Each of the following scenarios is based on facts in an actual fraud. Categorize each scenario as primarily indicating (1) an incentive to commit fraud, (2) an opportunity to commit fraud, or (3) a rationalization for committing fraud. Also state your reasoning for each scenario.

a. There was intense pressure to keep the corporation's stock from declining further. This pressure came from investors, analysts, and the CEO, whose financial well-being was significantly dependent on the corporation's stock price.

b. A group of top-level management was compensated (mostly in the form of stock options) well in excess of what would be considered normal for their positions in this industry.

c. Top management of the company closely guards internal financial information, to the extent that even some employees on a "need- know basis" are denied full access.

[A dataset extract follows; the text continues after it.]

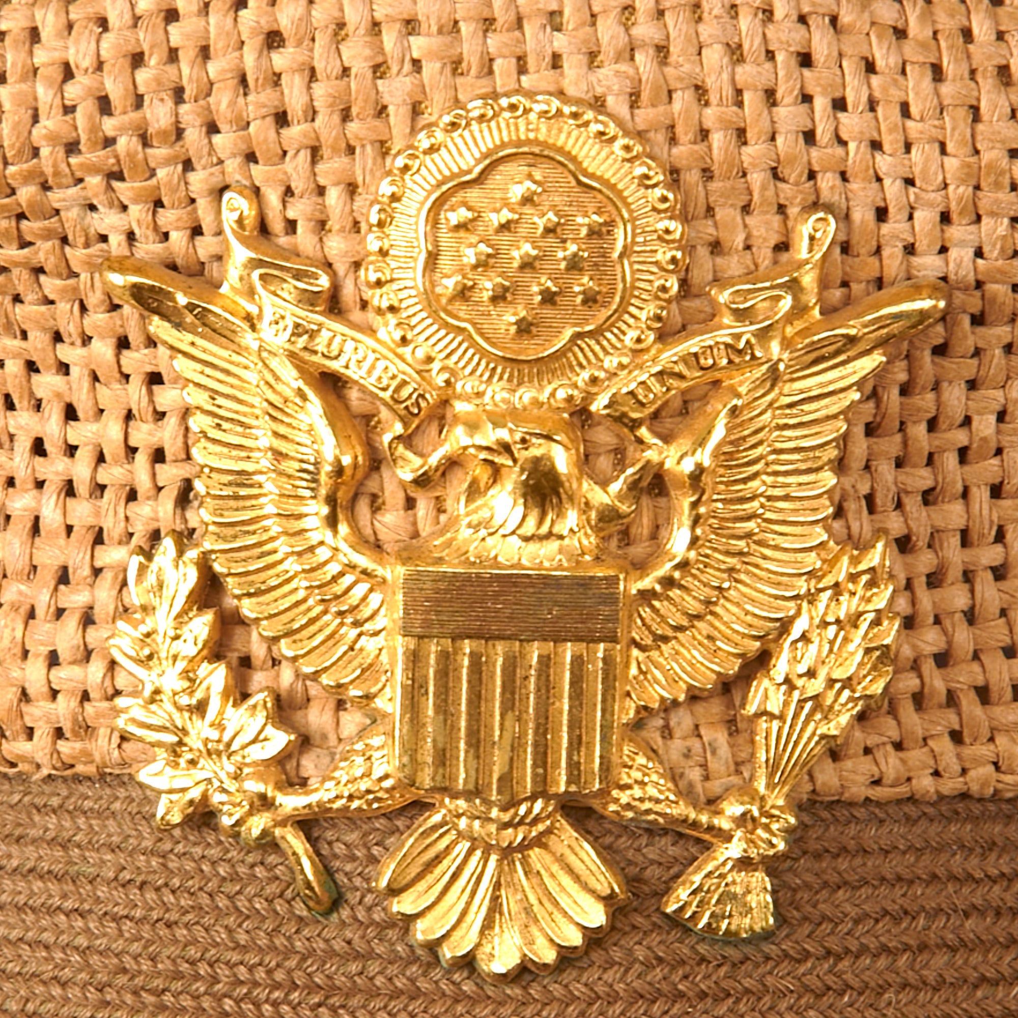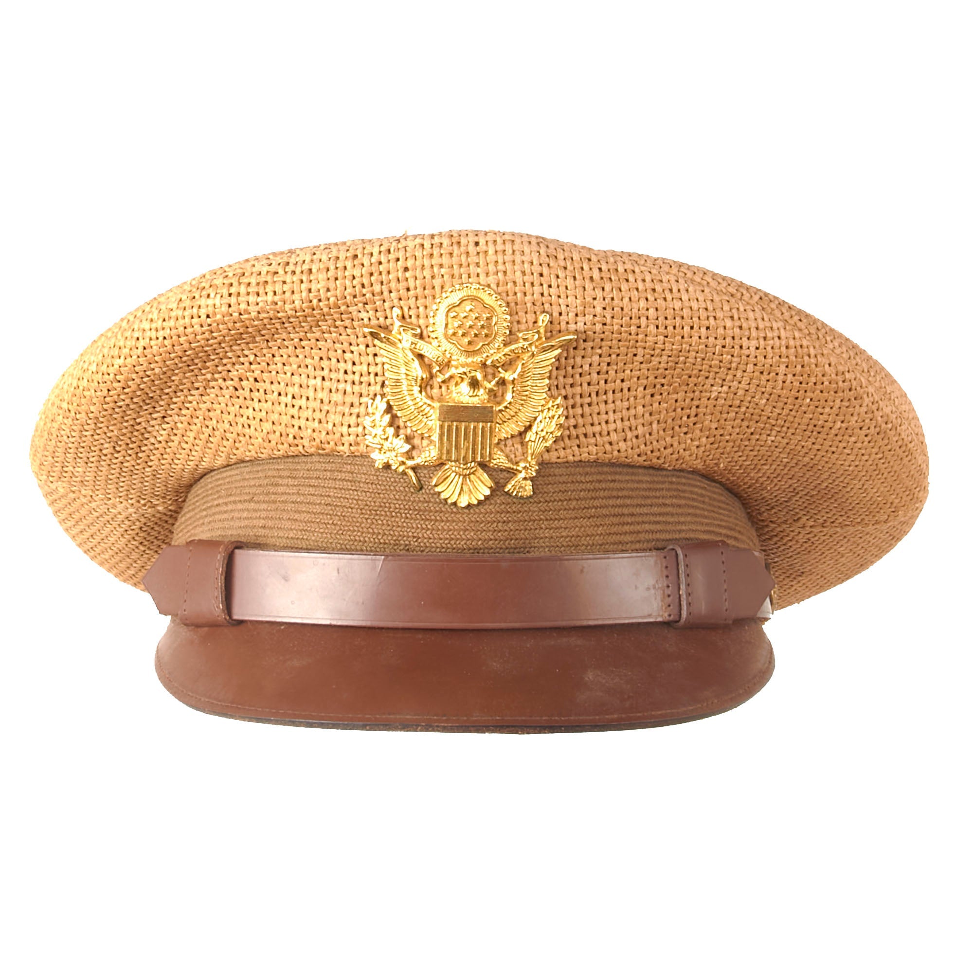 The cap features wicker frame construction and a leather sweatband which is supple and complete, although it is mostly detached from the cap. This peaked cap features a gold tone WWII Army Overseas insignia over a leather visor with a leather chinstrap seated upon it. The cap is not size marked, but is likely a size 7, and was most likely bespoke, so there is no maker marking.

d. Managing specific financial ratios is very important to the company, and both management and analysts are keenly observant of variability in key ratios. Key ratios for the company changed very little even though the ratios for the overall industry were quite volatile during the time period.

e. In an effort to reduce certain accrued expenses to meet budget targets, the CEO directs the general accounting department to reallocate a division's expenses by a significant amount. The general accounting department refuses to acquiesce to the request, but the journal entry is made through the corporate office. An accountant in the general accounting department is uncomfortable with the journal entries required to reallocate divisional expenses. He brings his concerns to the CFO, who assures him that everything will be fine and that the entries are necessary. The accountant considers resigning, but he does not have another job lined up and is worried about supporting his family. Therefore, he never voices his concerns to either the internal or external auditors.

f. Accounting records were either nonexistent or in a state of such disorganization that significant effort was required to locate or compile them.

Exercise 2

A competent auditor has done a conscientious job of conducting an audit, but because of a clever fraud by management, a material fraud is included in the financial statements. The fraud, which is an overstatement of inventory, took place over several years, and it covered up the tact that the company's financial position was rapidly declining. The fraud was accidentally discovered in the latest audit by an unusually capable audit senior, and the SEC was immediately informed. Subsequent investigation indicated that the company was actually near bankruptcy, and the value of the stock dropped from P260 per share to P10 in less than 1 month. Among the losing stockholders were pension funds, university endowment funds, retired couples, and widows. The individuals responsible for perpetrating the fraud were also bankrupt.

After making an extensive investigation of the audit performance in previous years, the SEC was satisfied that the auditor had done a high-quality audit and had followed generally accepted auditing standards in every respect. The commission concluded that it would be unreasonable to expect auditors to uncover this type of fraud.

Required: State your opinion as to who should bear the loss of the fraudulent financial reporting. Include in your discussion a list of potential bearers of the loss, and state why you believe they should or should not bear the loss.